In WO-A-94/18807, for example a thermally deformable fuse member is spring loaded against a part of the heater. When the heater temperature rises above a given temperature, the thermally deformable fuse member softens and deforms under its spring force, so as to open a set of contacts in the electrical supply to the heater, thereby disabling it. However, it is preferable to provide a heater or resistance with built-in protection.

It has been proposed therefore to include a thermal fuse in the track itself. In one arrangement, used in resistances for controlling fans in car heating systems a solder bridge is formed over a gap in the heating track. The solder is chosen to melt at a predetermined temperature, thereby opening the gap in the track, to break the electrical supply. This type of fuse has, however, several disadvantages. Firstly it is difficult to manufacture and in particular to obtain the required current carrying capacity in the fuse. Secondly, it is relatively slow to operate, as it relies upon surface tension effects in the molten solder to separate the fuse. Thirdly, solders can only be used over a limited temperature range, thereby limiting their range of operation. Also, since these solders are eutectics, over time they may change their crystalline structure which may result in the operating temperature varying. Finally, they are easily damaged for example in transit, storage or assembly, since any flexing of the substrate can break the electrical contact to the fuse.

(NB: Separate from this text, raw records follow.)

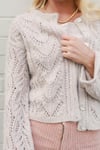 Lyrebird is a romantic cardigan with dropped shoulders, comfy crew neck, double layered collar, double knitted plackets and straight sleeves that provides bell-like look around wrists. The cardigan is fully made with intricate lace patterns and the collar and the hem are finished with Rib 1×1. It is worked top-down and completely seamless.
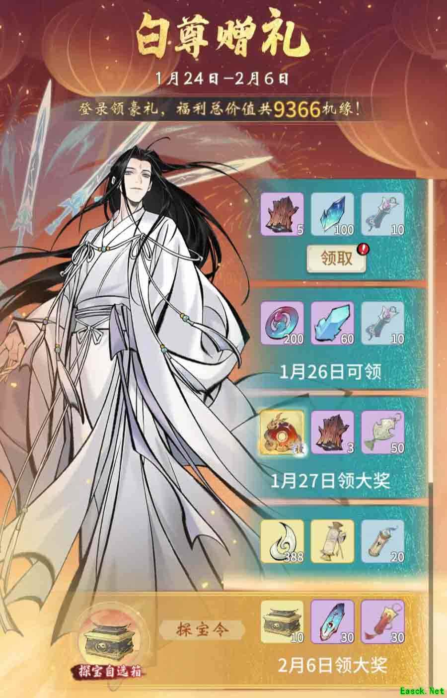 活动今日开启,持续至2月6日,活动期间指定日期登录,可领橙品古宝等馈赠。
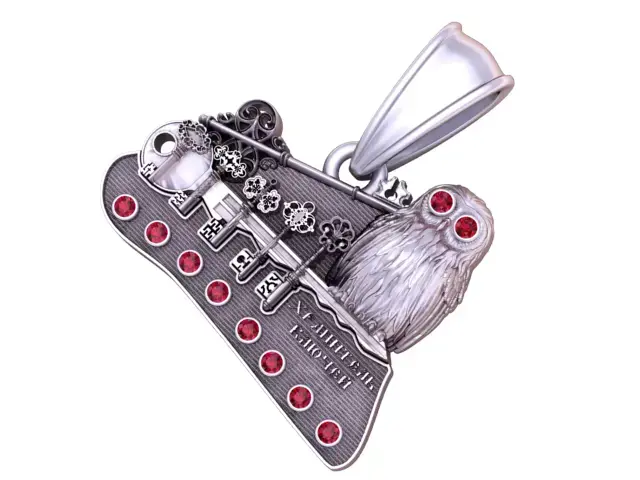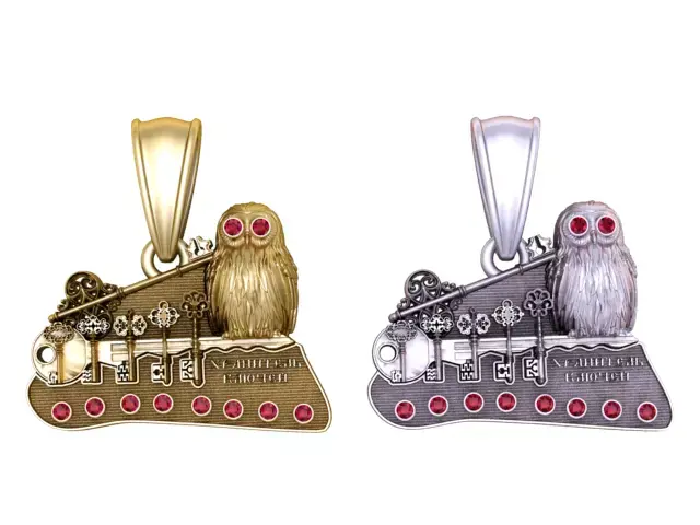 This intricate pendant is a masterpiece of symbolism and artistry. Crafted in radiant gold, it features a finely detailed owl with ruby-red gemstone eyes, representing wisdom and knowledge. Alongside the owl, a collection of ornate vintage-style keys rests elegantly, symbolizing secrets, opportunities, and the unlocking of destiny. The base is accented with a row of brilliant red gemstones, adding richness and balance to the design.

The Applicant has now devised a new form of resistance or heater which attempts to address the above problems. It has been recognised by the Applicant that the electrical insulating properties of glass, ceramic or glass ceramic materials (collectively hereafter termed “glasses”) may be used in the overheat protection of resistances or heaters. In particular, the electrical resistance of glasses changes as the glass temperature rises. Whilst a glass may be an insulator at room temperature or at normal operating temperatures, its electrical resistance may drop considerably, indeed by several orders of magnitude, at higher temperatures approaching its melting point. By choosing a glass material with the appropriate resistance characteristics, and applying it between selected portions of a resistive track rated to operate with a given supply current, the Applicants have found that a predetermined portion of the track can be made to overheat before the whole heater or resistor overheats. A portion of the normal track can thus be made to operate, effectively, as a thermal fuse.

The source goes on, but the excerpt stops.